BEGIN EXCERPTED DATA

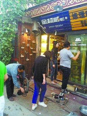 一路走下来,像自行车铺这样的小店很多,店主有北京的、外地的,也有外国人。几条老街的老门脸房虽然装饰风格不同,但却浑然一体。一眼望去,灰砖、瓦顶,透着这里是老北京。
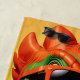 Cool T-Rex Dinosaur wearing sunglasses with a relaxing cup of coffee in a tropical setting
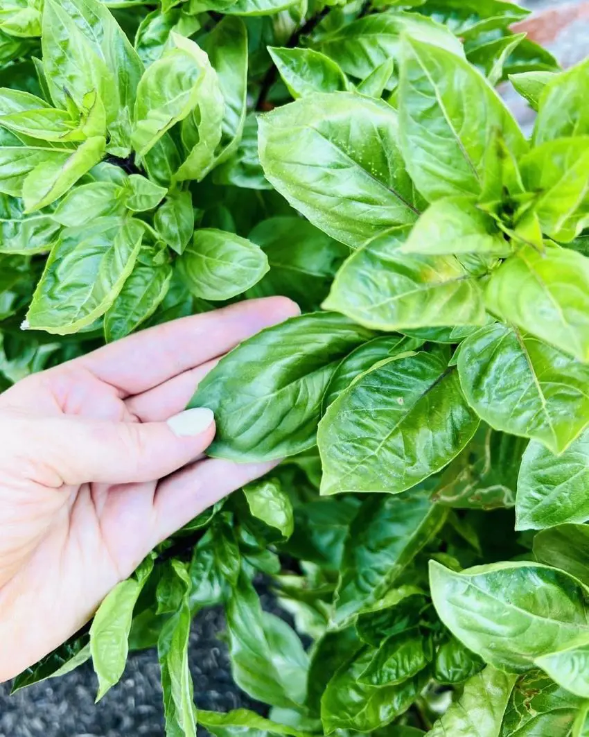 Color: Look for vibrant green glossy leaves and avoid ones with bruises. Bruised Basil leaves are purple, brown, or black. Also, ensure they are bruised leaves and not basil varieties with purple or variegated leaves.
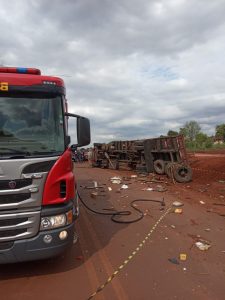 Colisão entre Caminhão e veículo na PR-323, 1 vítima em estado grave presa as ferragens. Equipes bombeiro e SAMU a caminho!
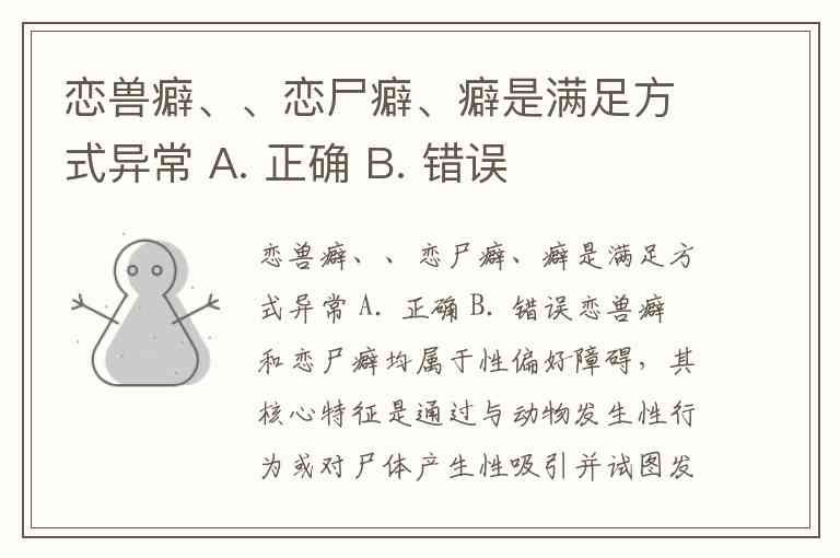 恋兽癖、、恋尸癖、癖是满足方式异常 A. 正确 B. 错误
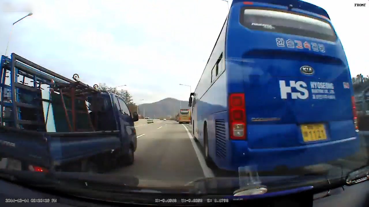 Auto wird abgedrängt und fährt mit voller Geschwindigkeit in einen Bus.

END EXCERPTED DATA

EXERCISE >> Please write out exactly the lines starting at the one that contains "Color: Look for" and ending with the final line of the entries, both ends included. Do not write out any pictures.

TASK OUTPUT >>
 Color: Look for vibrant green glossy leaves and avoid ones with bruises. Bruised Basil leaves are purple, brown, or black. Also, ensure they are bruised leaves and not basil varieties with purple or variegated leaves.
 Colisão entre Caminhão e veículo na PR-323, 1 vítima em estado grave presa as ferragens. Equipes bombeiro e SAMU a caminho!
 恋兽癖、、恋尸癖、癖是满足方式异常 A. 正确 B. 错误
 Auto wird abgedrängt und fährt mit voller Geschwindigkeit in einen Bus.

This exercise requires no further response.